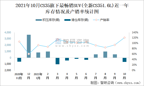 2021年10月CS35旗下最暢銷SUV(全新CS351.6L)近一年庫存情況及產銷率統計圖
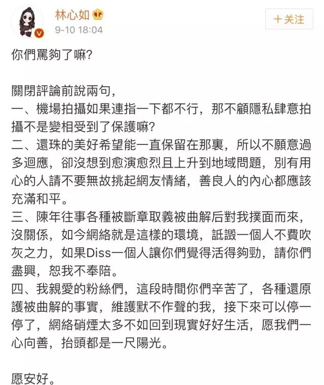 “手指镜头”事件成了压倒骆驼的最后一根稻草。林心如宣布关闭评论,希望“还珠的美好能一直保留”,希望大家“内心充满和平”。
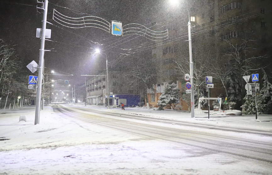 Снег в областном центре шел все воскресенье, однако из-за положительной температуры, а также многочисленных пешеходов и транспорта, он держался не очень долго. Вечером ситуация изменилась, а ночью в Гомель и вовсе пришла «зима».
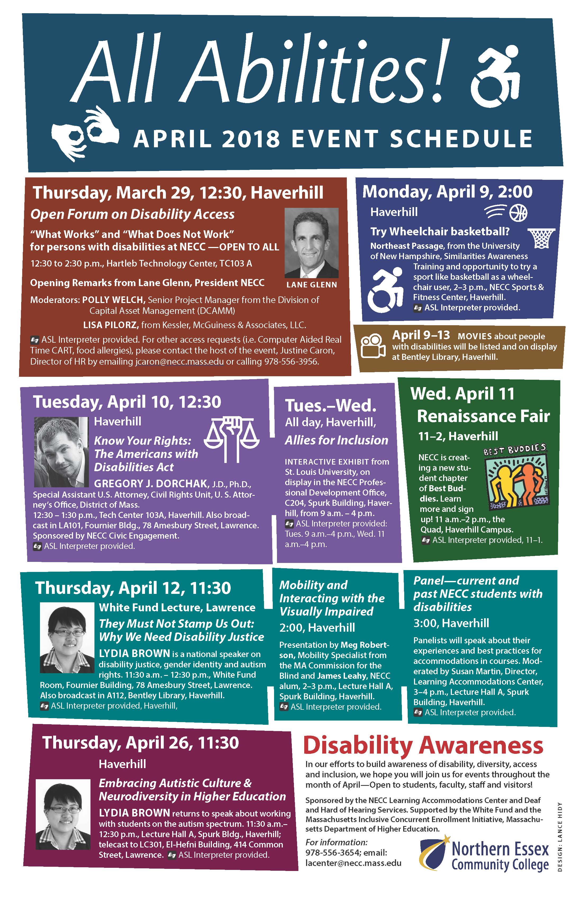For additional information on the “All Abilities” events, contact lacenter@necc.mass.edu or call 978-556-3654.
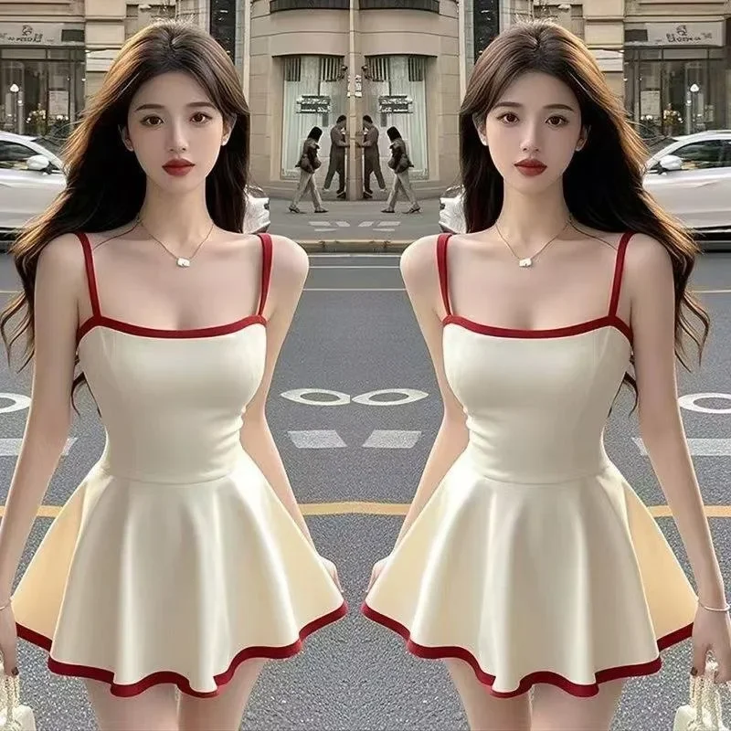 �� French Style Retro Design : Embrace retro elegance with this French-style dress, featuring a timeless square collar and color contrast details.
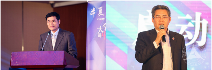 高等教育学会秘书长康凯(右)、我校党委书记陈文申讲话
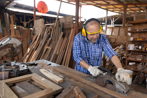 senior asian man carpenter wearing glasses and headphone, using electric wood planers on a piece of wood in workshop
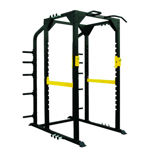 廣州博菲特健身器材有限公司生產的商用多功能框式深蹲臥推架,配件包括:杠鈴軸,防滑手柄,帶子附件,可折疊腳踏板等
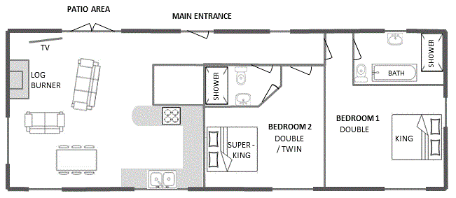 • All beds are king size doubles or by prior arrangement can be split to provide two single beds
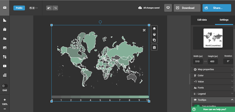 再來加個地圖,免費帳號只有世界地圖和美國地圖可選擇。
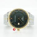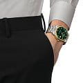 Модель стильно смотрится на мужском запястье, идеально сочетаясь с дорогим классическим костюмом. Яркий зелёный циферблат дополнен арабскими цифрами и метками, идеально подобрано серебристо-золотое общее исполнение. Наручные часы с автоподзаводом оснащены швейцарским калибром ETA Powermatic 80Powermatic 80Эксклюзивный калибр от швейцарской компании ETA с увеличенным запасом хода до 80 часов за счёт удлинённой заводной пружины. Характеризуется улучшенной системой спуска со сниженным трением. с запасом хода 80 часов. Прозрачная задняя крышка корпуса позволяет наблюдать за работой механизма. Сапфировое стекло с антибликовым покрытием. Корпус и браслет из нержавеющей стали 316L с частичным PVD-покрытиемPVDУльтратонкое покрытие наносится в технике вакуумного напыления, сочетает в себе нитрид титана особой прочности со слоем золота или оксида хрома. Несёт в себе декоративную или защитную функцию.. Водостойкость 5 бар. . Отображение даты. Габариты: 41 x 41 x 9,8 мм.
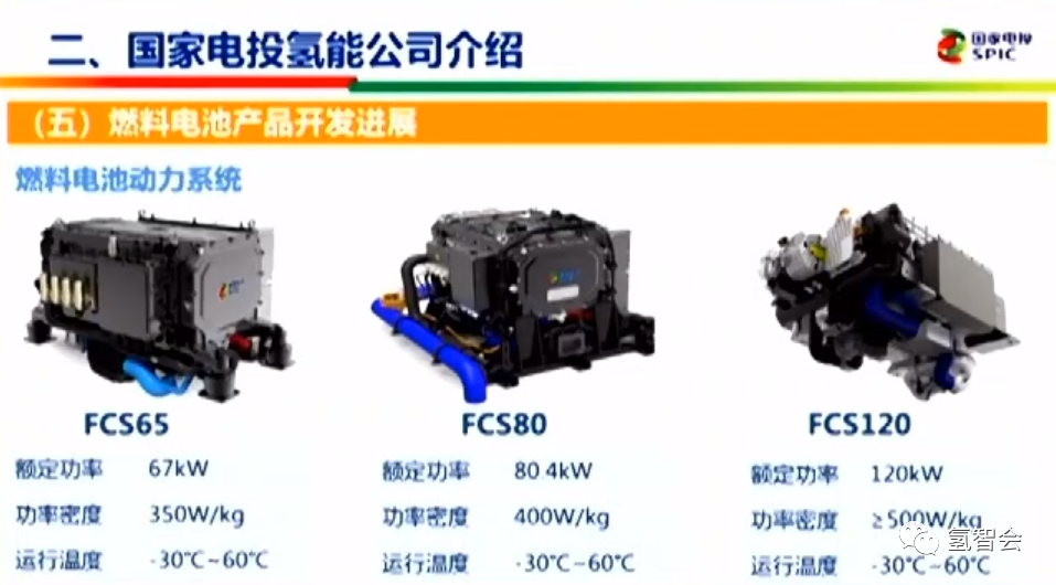 動力系統,我們現在,因為動力系統自己要用掉一部分的動力,所以我們現在根據上面三款燃料電池電堆,我們有65千瓦、80千瓦和120千瓦三款動力電池系統,分別用于我們的大巴車、我們的乘用車和我們未來的重卡等等,我們現在基本上都完成了這三款電堆的設計,當然對重卡我們可能是用FCS120的兩套系統來完成。

Task =>
All that should be returned is the run of lines from the start of the entries above to the line bearing "color contrast details.", each exact, with pictures omitted.

Task response =>
 2021年10月CS35旗下最暢銷SUV(全新CS351.6L)近一年庫存情況及產銷率統計圖
 “手指镜头”事件成了压倒骆驼的最后一根稻草。林心如宣布关闭评论,希望“还珠的美好能一直保留”,希望大家“内心充满和平”。
 Снег в областном центре шел все воскресенье, однако из-за положительной температуры, а также многочисленных пешеходов и транспорта, он держался не очень долго. Вечером ситуация изменилась, а ночью в Гомель и вовсе пришла «зима».
For additional information on the “All Abilities” events, contact lacenter@necc.mass.edu or call 978-556-3654.
 �� French Style Retro Design : Embrace retro elegance with this French-style dress, featuring a timeless square collar and color contrast details.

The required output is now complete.